Tatanan dan norma sosial kita masih menjadi beban tersendiri bagi perempuan perupa. Sebagian besar dari mereka tetap menjalankan peran ganda sebagai ibu rumah tangga yang membuat ruang gerak dan waktu lebih terbatas dibandingkan dengan kaum adam. Tepatlah jika kemudian disebut ada marwah, ada kemuliaan yang melekat pada sosok-sosok perempuan perupa itu.
Perupa surealis Lucia Hartini (64), kelahiran Temanggung, Jawa Tengah, hadir dan menampilkan karya di antara 78 karya perempuan perupa lainnya. Lucia menampilkan karyanya untuk pameran bertajuk ”Marwah”.
Pameran ”Marwah” diprakarsai Amuba Creative bersama Artpora dan diselenggarakan di Pos Bloc, Jakarta, 14-20 Agustus 2023. Pos Bloc menempati Gedung Filateli yang dulunya adalah kantor pos pertama di Indonesia. Kini, gedung yang semula terbengkalai itu telah direvitalisasi untuk ruang pamer dan beranda kuliner berbagai jenama.
Melalui karya lukisan surealis yang diberi judul ”Wanita Berpayung” (2023), Lucia Hartini menggambarkan situasi perempuan yang patut mendapat marwah atau kehormatan. Lucia melukis seorang perempuan berwajah tersenyum dan mengenakan kain putih sedang berpayung. Tudung payung berbentuk lingkaran itu dilukiskan Lucia sebagai semesta. Ada bintang-bintang, planet, dan pusaran tepat di tengah sumbu payung.

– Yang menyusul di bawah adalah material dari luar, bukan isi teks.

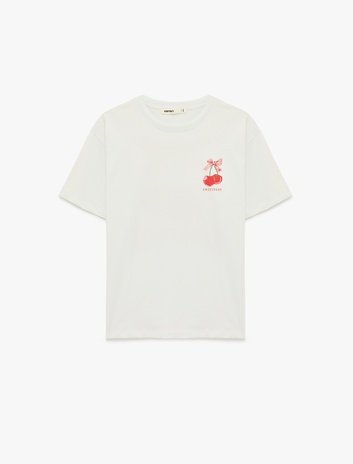 Pamuklu Kısa Kollu Bisiklet Yaka Arkası Kiraz Baskılı Tişört Sepete Ekle
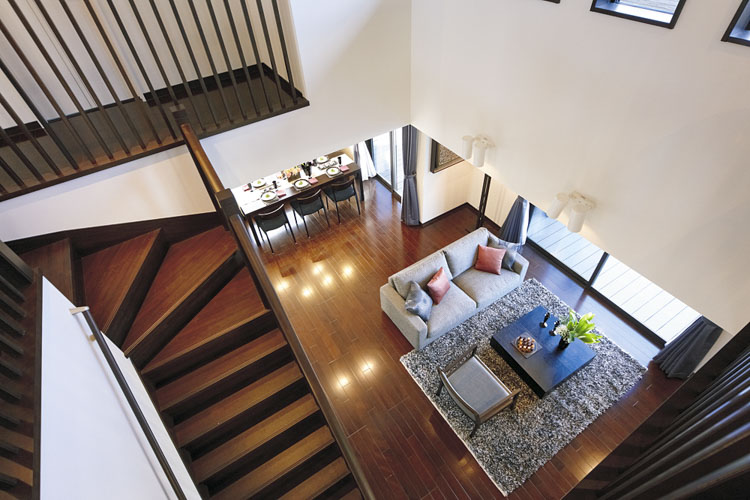 大きな吹き抜けがあり、家族のコミュニケ—ションを重視した間取りのプリーマ館と、ワンランク上のラグジュアリー住宅として上質な空間にこだわったRadius館。

”Perempuan dalam hidupnya harus berpikir dan bertindak seperti semesta. Perempuan memikirkan keseluruhan supaya hidup terus berjalan,” ujar Lucia seusai pembukaan pameran ”Marwah”, Senin (14/8/2023).
Lucia bercerita tentang aktivitas melukisnya yang tak bisa terlepas dari tugas utama sebagai ibu rumah tangga. Setelah membesarkan anak hingga berkeluarga, Lucia pun tak serta-merta terbebas dari kegiatan membesarkan cucu-cucunya. Ada marwah di situ. Lucia tetap terus melukis.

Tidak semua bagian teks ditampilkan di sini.